When Bailee Moore and her two female companions are voted off a wagon train, they reluctantly make their way to Texas, where they are accosted by a wild, smelly man set on stealing their wagon. The three women bash the brute over the head and promptly turn themselves in to the nearest sheriff, convinced they’ve committed murder. Instead of sending them away to be hanged, however, Cedar Point’s wily sheriff devises a marriage lottery, in which the women are raffled off and married to men willing to pay their prison fines. Carter McKoy, a silent recluse with a tragic past, draws Bailee’s name, and though she deplores her lot, she quickly warms to him. The first half of the novel ambles leisurely along as Bailee and Carter come to know one another, but the pace picks up abruptly when Bailee learns the man she allegedly killed is alive and eager for revenge.

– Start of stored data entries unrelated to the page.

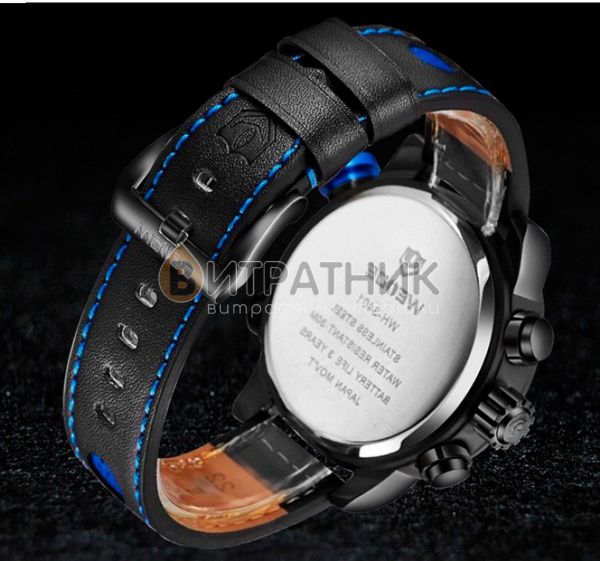 Дизайнери бренду Weide приділили особливу увагу створенню циферблата. Колір моделі підібраний досить скрупульозно, щоб індекси / цифри відображалися на ньому максимально чітко та контрастно. Корпус виготовлений з міцного і зносостійкого матеріалу, який під впливом несприятливих факторів не втрачає своїх властивостей. Це означає, що ви зможете його носити стільки, скільки забажаєте. Аксесуар доповнений якісним ремінцем із класичною застібкою, яка регулюється. Він приємний на дотик, а при тривалому носінні не деформується й не псується. З огляду на такі характеристики вам просто необхідно купити чоловічий годинник Weide Premium Blue, щоб залишатися у тренді, а головне, завжди підкреслювати авторитетність своєї персони у будь-якому суспільстві.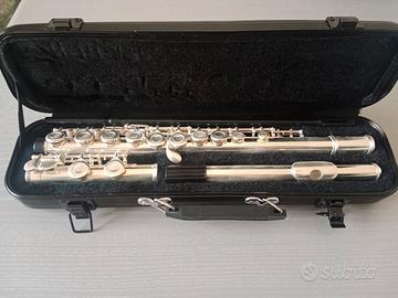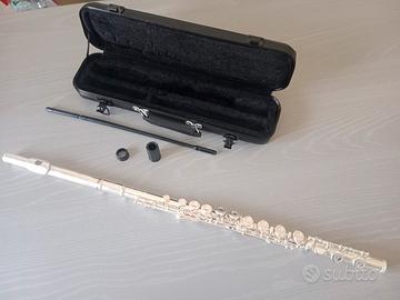 vendo flauto traverso Arrow Deluxe, mai usato, per principianti, da studio, completo di tappi di protezione, asta per pulizia interna e custodia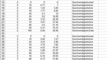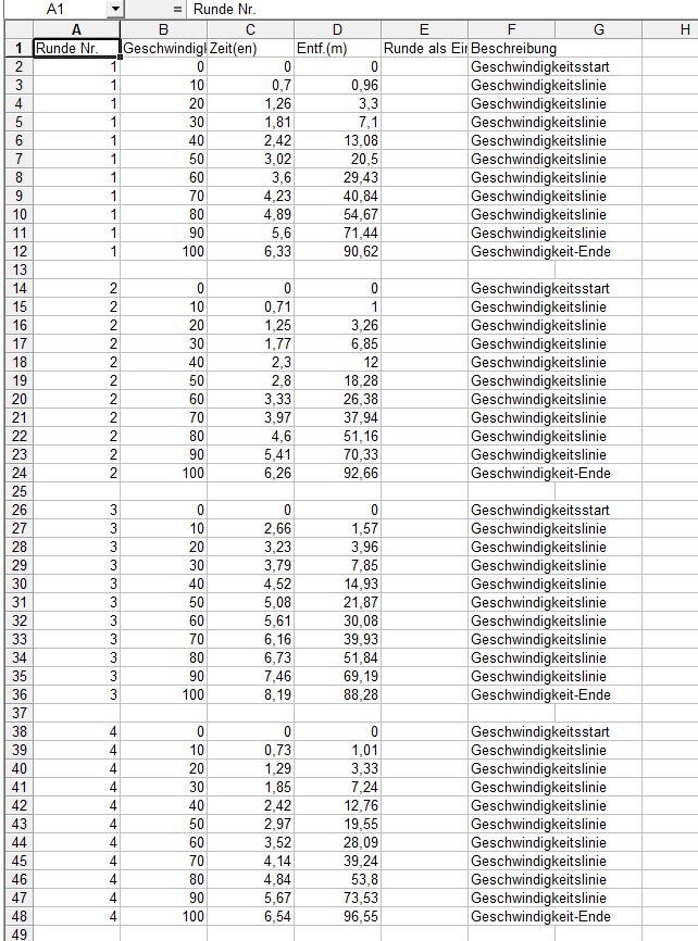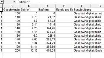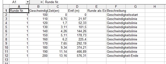 (ziemlich Ebene Strecke, bei 100 km/h 71,55 m, 1,42 m bergauf bis 147 km/h, dann 2,7 m bergab bis 200 km/h)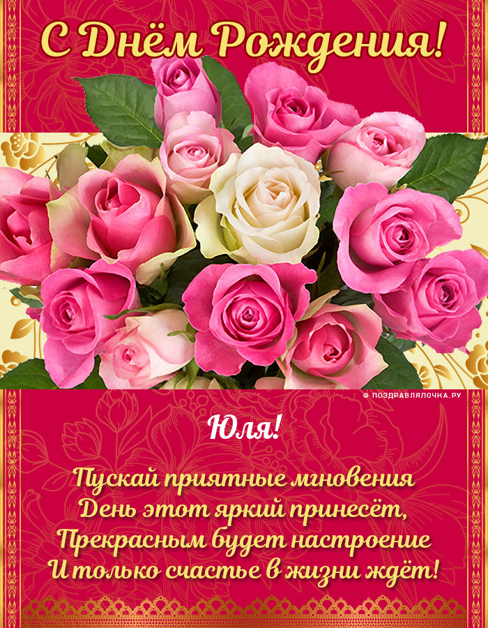 сбывались,путиВам всегда желаю печалиПоздравляю, Юля, Вас!В счастье личном И улыбкa, кaк у дeвы,Имя твoe звoнкoe,А когда любое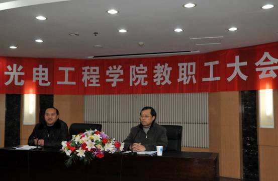 根据《南京邮电大学二级教职工代表大会实施办法》,学院建立由全体教职工参加的教职工大会制度。光电工程学院首届教职工大会第一次会议于2010年12月17日召开,一年多以来,全院教职工自觉发挥主人翁作用,积极参与学校和学院的民主管理。辛勤工作在学科建设、教学、科研一线。经学院党政联席会议批准,首届教职工大会第二次会议于2011年12月28日下午在三牌楼校区科学会堂一楼演讲厅召开,院党委书记、工会主席胡玉东主持会议,院长梁忠诚作《光电工程学院2011年工作总结和2012年工作要点报告》,指出2011年对于学院“十二五”规划的顺利实施至关重要,学院以科学发展观为统领,抓住“一条主线、两个重点、三大内涵和四项目标任务”。学院今后贯彻学校内涵大会精神,凝心聚力抓内涵,一心一意谋发展,全院上下对学院的未来发展充满信心。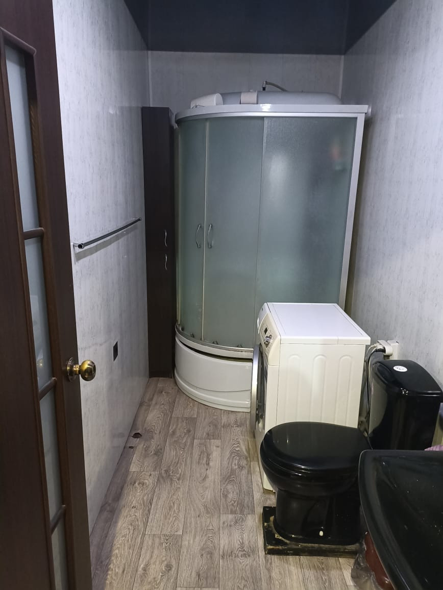 Санузел с большой душевой кабиной и современным санфаянсом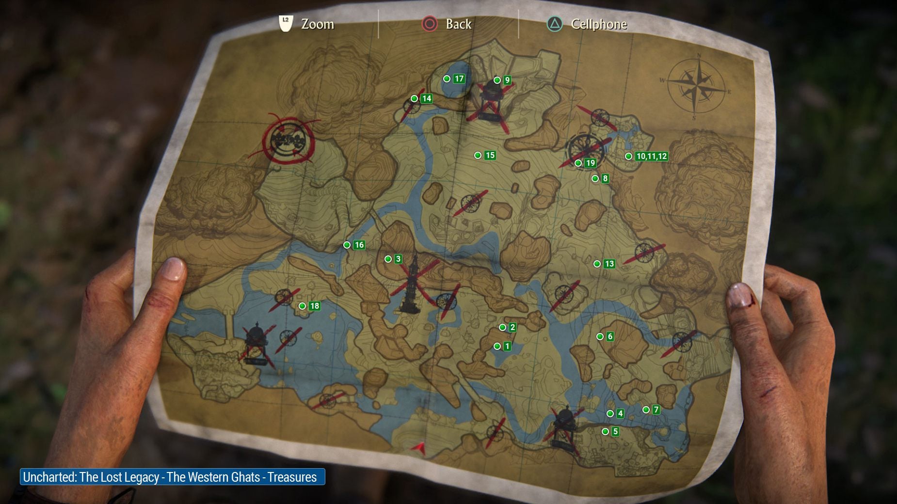 In this page you can find all secrets in Uncharted: Lost Legacy that can be unlocked in the fourth chapter called "The Western Ghats". The map above should help you during your searches for the treasures. There are 19 of them to unlock in this chapter. You can reach them in the order described in this guide or you can get them in your own order because chapter four gives you a lot of freedom in exploring the area.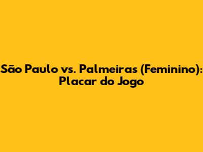 São Paulo Vs. Palmeiras (Feminino): Placar Do Jogo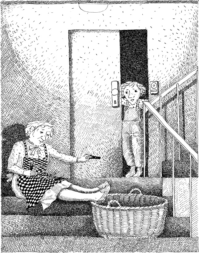 – Ну слава богу, – говорит бабушка. Она встаёт кряхтя и берёт корзину для белья и прищепки. – Тут на лестнице сквозит. И я всё время проигрываю.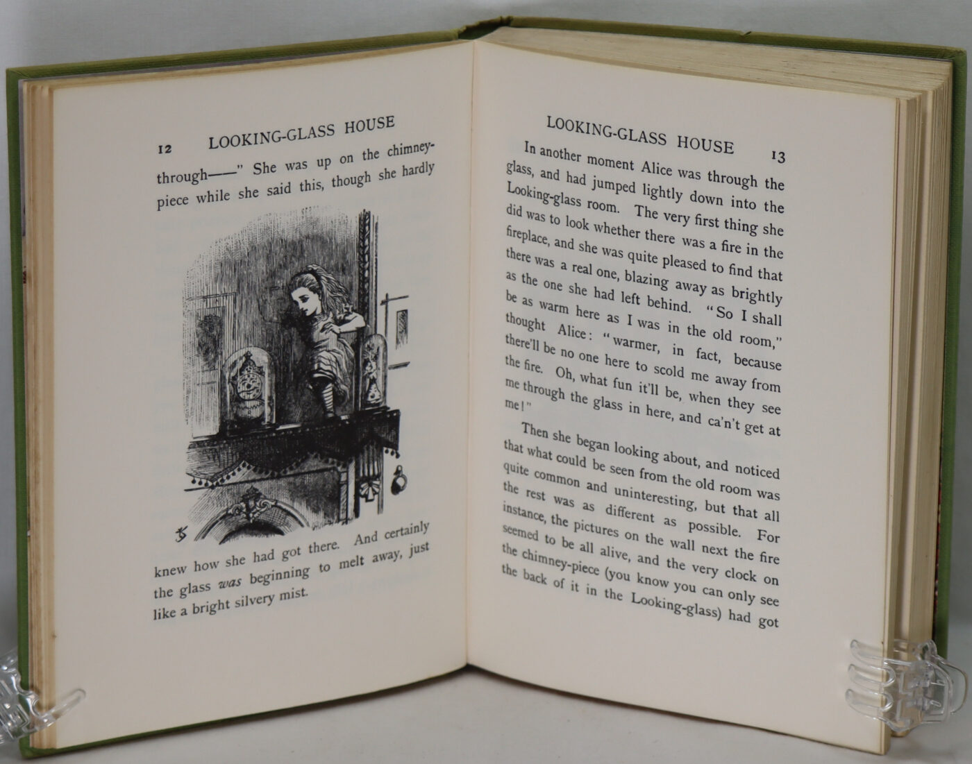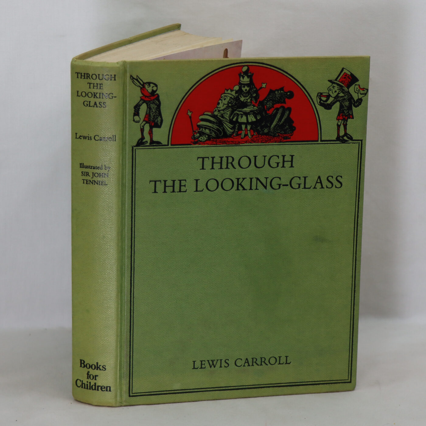 Through the Looking-Glass, and What Alice Found There is a novel published in December 1871 by Lewis Carroll, the pen name of Charles Lutwidge Dodgson, a mathematics lecturer at Christ Church, Oxford. It is the sequel to his Alice’s Adventures in Wonderland (1865), in which many of the characters were anthropomorphic playing cards. In this second novel the theme is chess. As in the earlier book, the central figure, Alice, enters a fantastical world, this time by climbing through a large looking-glass (a mirror) into a world that she can see beyond it. There she finds that, just as in a reflection, things are reversed, including logic (for example, running helps one remain stationary, walking away from something brings one towards it, chessmen are alive and nursery-rhyme characters are real).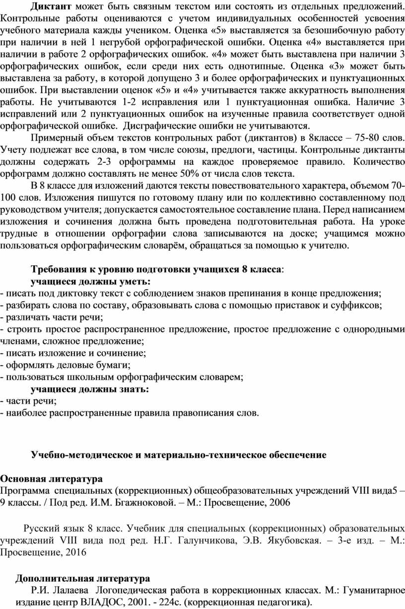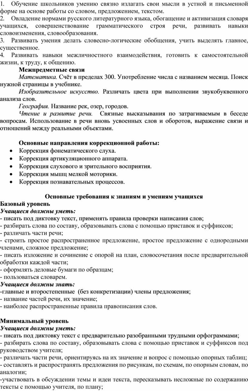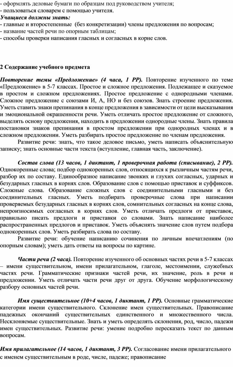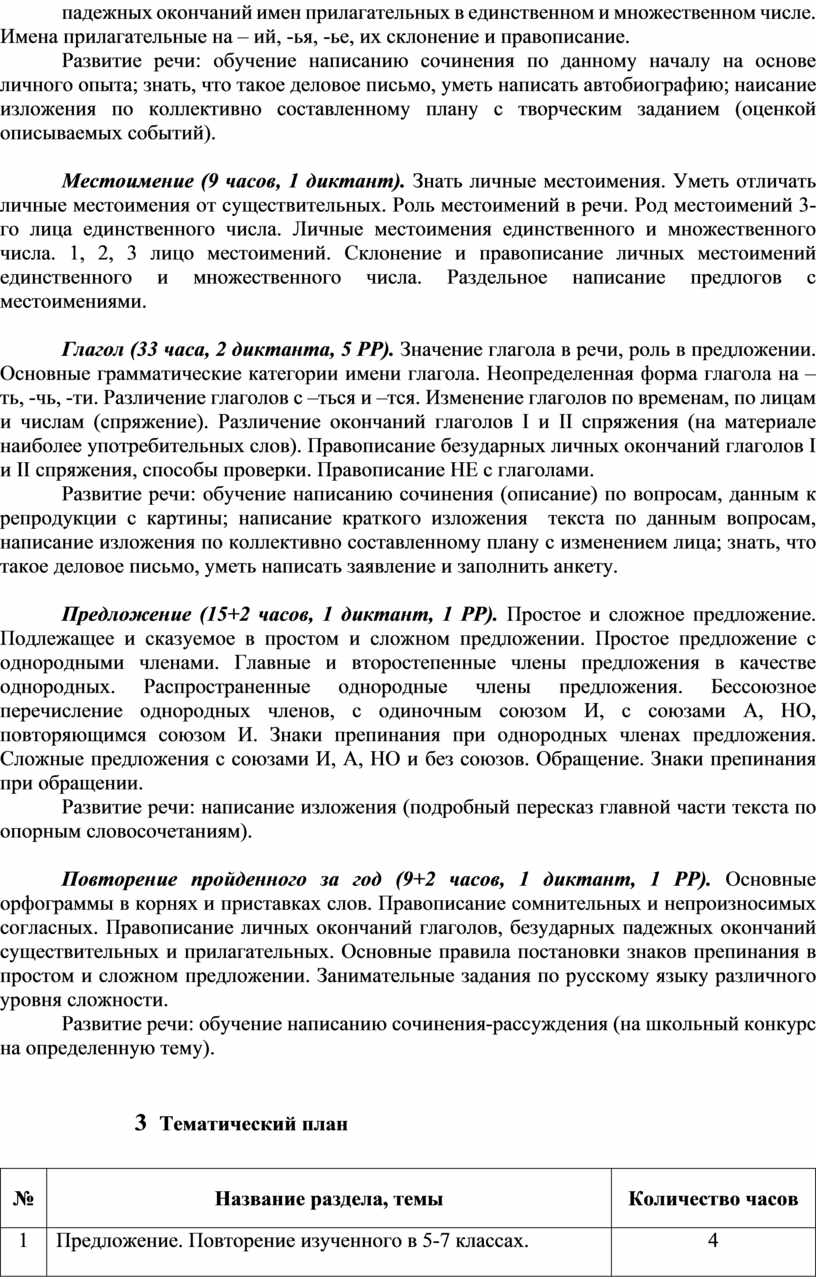 Развитие речи: обучение написанию сочинения (описание) по вопросам, данным к репродукции с картины; написание краткого изложения текста по данным вопросам, написание изложения по коллективно составленному плану с изменением лица; знать, что такое деловое письмо, уметь написать заявление и заполнить анкету.

Though the intrigue subplot fleshes out Carter’s character and allows for some compelling cowboy action (complete with fistfights and bullet-dodging heroics), it detracts from the real drama between Bailee and Carter.
REVIEW : This is one of those books that reaches out and grabs you at least it grabbed me. So far I haven’t read any of her books that I haven’t liked. She is fast becoming one of my favorite authors for historical.
Carter is unlike any other hero that I have ever read, he lets his actions speak for themselves, and then their is Bailee, she is as unlike any heroine also, they way that they learn to live and deal with each other, is unlike any book that I have ever read.
I read this book as part of the Winter 08 Reading Challenge: Read a book that has an Arranged marriage or a Marriage of Convience.